Эсфирь, а по-персидски - 'звезда'
ГЛАВА 1. РУКА АРТАКСЕРКСА
...и увидел свою руку.
Персидский царь Артаксерск Великий открыл утром глаза и увидел свою руку. Царская рука все ещё крепко спала, покоясь на белом парчовом покрывале, и от такого соседства казалась на удивление смуглой и темной. Она чем-то напоминала старую, прогретую солнцем, дорогу. Точно также, постепенно сужаясь, тянулась вдаль и пряталась за небольшим, покрытым серебристыми цветами холмом, в том месте, где Артаксеркс согнул в колене и слегка откинул ногу.

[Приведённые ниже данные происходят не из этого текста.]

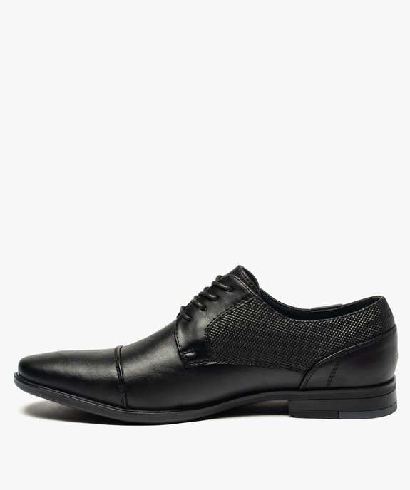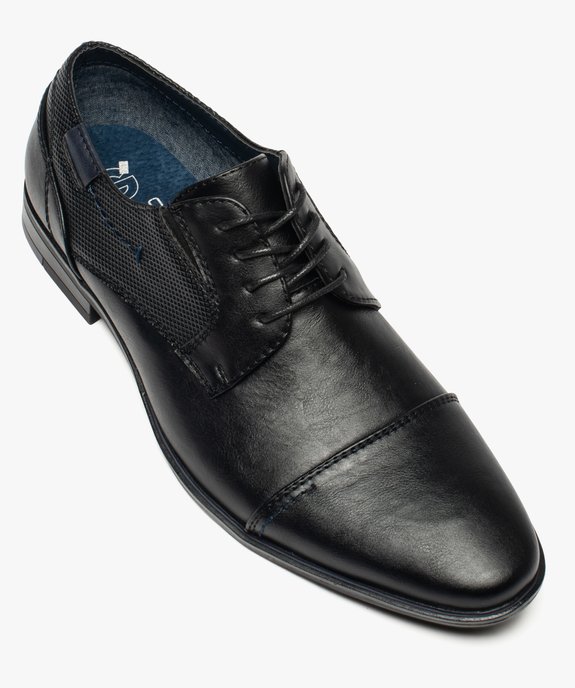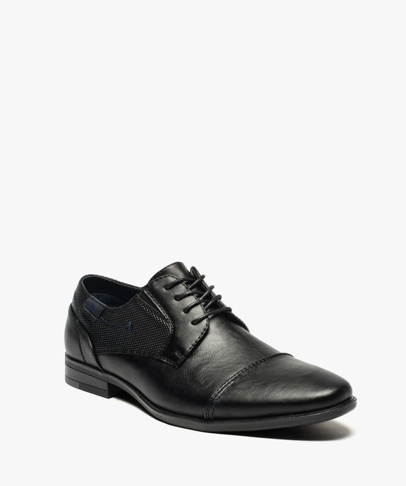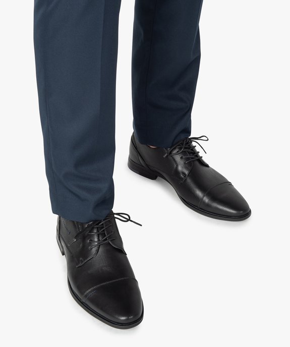 Des derbies homme originaux et élégants, parfaits pour une allure raffinée au quotidien. Leur dessus en matière synthétique se compose de deux textures différentes, l’une lisse, l’autre revêtue de reliefs sur les côtés. Ces derbies homme possèdent un empiècement avec double surpiqûre sur le bout du pied et un autre à l’arrière du talon. Un discret élastique d’aisance sur le dessus assure un excellent confort. Ces derbies sauront mettre en valeur un pantalon en toile et une chemise.

В ярком луче солнечного света на дороге были отчетливо видны мелкие родимые пятна, похожие на непросохшие после дождя грязные лужицы, и густой пушок волос с рыжеватым отливом - он рос также беспорядочно и вольно, как степной ковыль, и точно также готов был стелиться вниз от каждого чересчур могучего вдоха и выдоха.
Артаксеркс пошевелился и расправил ногу: дорога выходила на небольшую равнину. Издалека было видно, что она вся изрезана вдоль и поперек голубыми реками, и упирается в четыре неровные холма - костяшки пальцев. Молодой царь имел обыкновение даже во сне крепко сжимать руки в кулаки, и сон его чаще всего был коротким и тревожным, особенно если рядом на ложе не было женщины.
...А где-то там, за холмами, раскинулись и сияли во всем своем великолении прекрасные города - и были в них дворцы со ступенями из чистого золота, башни, украшенные драгоценными камнями и таинственными письменами, лазуритовые озера. А на среднем холме, самом высоком, возвышался главный город - столица мира, новая вершина персидского могущества.
Сузы, престольный город Сузы. Город, который в древние времена назывался Зиккурат Шушан в честь нездешнего бога Шушинака.
"А теперь просто - мои Сузы, все так и должны говорить: Сузы царя Артаксеркса Великого", - подумал царь.
Он и ночью не снимал с пальцев перстней своего царского отличия и сегодня вдруг увидел их словно бы издалека, с высоты птичьего полета. Артаксеркс прищурился от яркого солнца и покрутил рукой, любуясь, как дитя, искрами от драгоценных камней, особенно кровавыми рубиновыми всполохами. А потом с задумчивым видом принялся разглядывать золотой перстень с печатью на среднем пальце - тот самый, которым скрепляются все царские указы и важные государственные бумаги.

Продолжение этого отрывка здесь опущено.